10. What is the impact of Federal Decree-Law No. (14) of 2020 on bounced cheque cases?

The Federal Decree-Law No. (14) of 2020 on Criminalization of Bounced Cheques introduced more lenient penalties for bounced cheque cases in the UAE, focusing more on civil settlements rather than criminal prosecution.

11. Is a cheque signatory always liable if the company closes?

Yes, the cheque signatory is typically liable for any cheques they signed, even if the company has been dissolved. Creditors may pursue the signatory for payment.

12. Can a creditor file a case in both civil and criminal courts for a bounced cheque?

Yes, a creditor can file both a civil case to recover the owed amount and a criminal case, depending on the nature and intent of the bounced cheque.

13. What penalties can a cheque signatory face for a bounced cheque?

Penalties may include fines, imprisonment, and in some cases, asset seizures to cover the amount owed.
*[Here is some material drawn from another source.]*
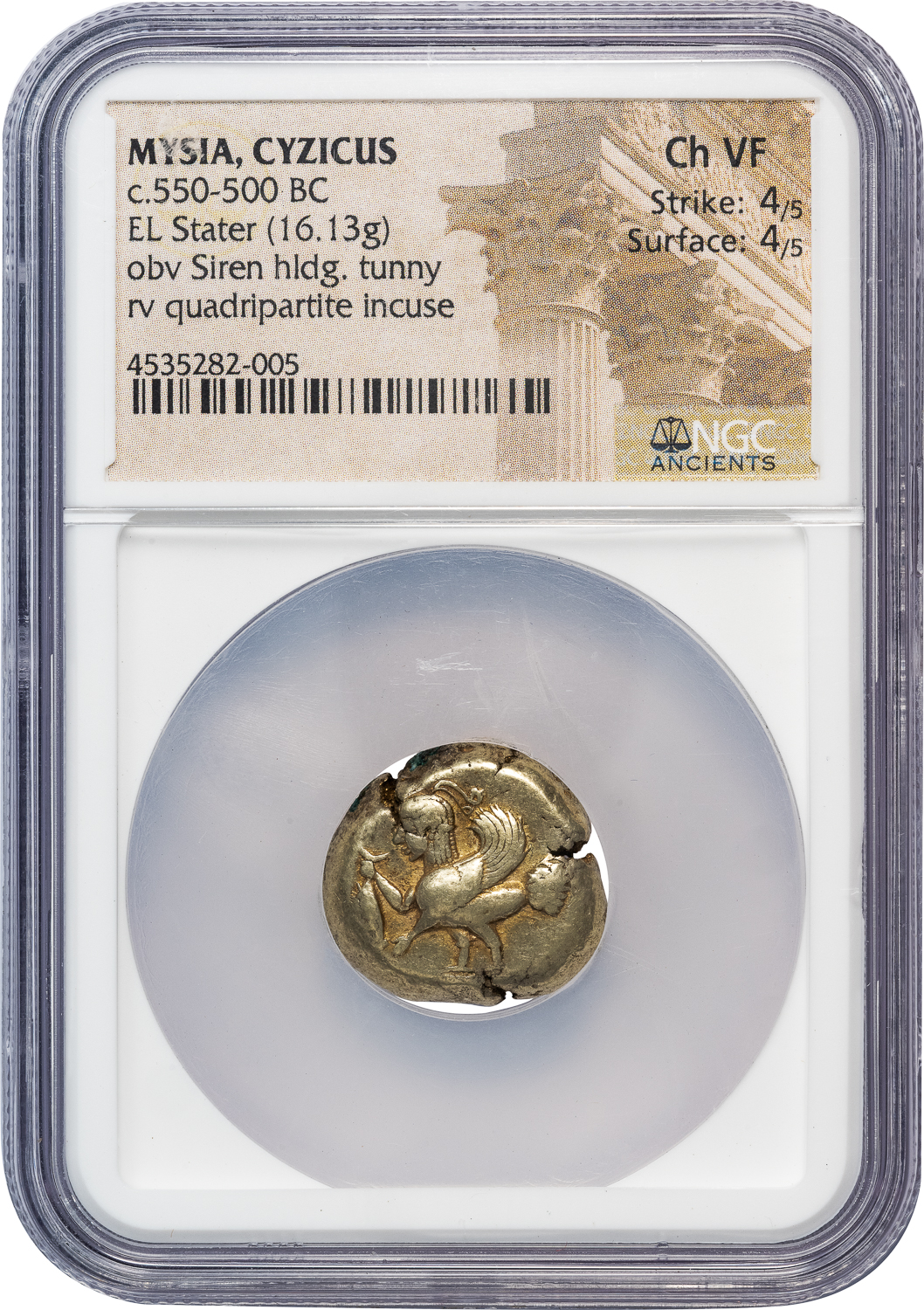 CYZICUS ELECTRUM STATER – SIREN/HARPY ISSUE – CHOICE VF NGC GRADED GREEK MYSIA COIN (Inv. 20831)

The severity of penalties depends on the amount and intent behind the bounced cheque.

14. Can the bounced cheque amount be negotiated or settled out of court?

Yes, in many cases, creditors and cheque signatories can negotiate a settlement out of court, which can result in reduced penalties and avoidance of criminal charges.

15. What happens if a cheque bounces after the LLC has been officially dissolved?

After the LLC is dissolved, creditors can no longer pursue the company itself but may take legal action against the cheque signatory for the bounced cheque.

16. Can a cheque bounce due to reasons other than insufficient funds?

Yes, a cheque can bounce for various reasons, including mismatched signatures, incorrect dates, or the account being closed.

17. Can the bank be held responsible for a bounced cheque?

In most cases, the bank is not held responsible for a bounced cheque unless there is clear evidence of a banking error. Responsibility primarily lies with the cheque issuer.

18. Is there a time limit for filing a claim for a bounced cheque?

Yes, creditors must file a claim within a certain period, typically within three years for civil claims. However, criminal complaints may have shorter or longer timelines depending on the specifics of the case.

19. Can cheque signatories appeal a criminal sentence for a bounced cheque?

Yes, cheque signatories can appeal a criminal sentence, especially if there were errors in the trial process or new evidence is brought forward.

20. What should companies and individuals do to avoid bounced cheque liabilities?

Companies and individuals should ensure that there are sufficient funds in the account, avoid signing post-dated cheques without certainty of payment, and maintain clear communication with creditors to avoid legal complications.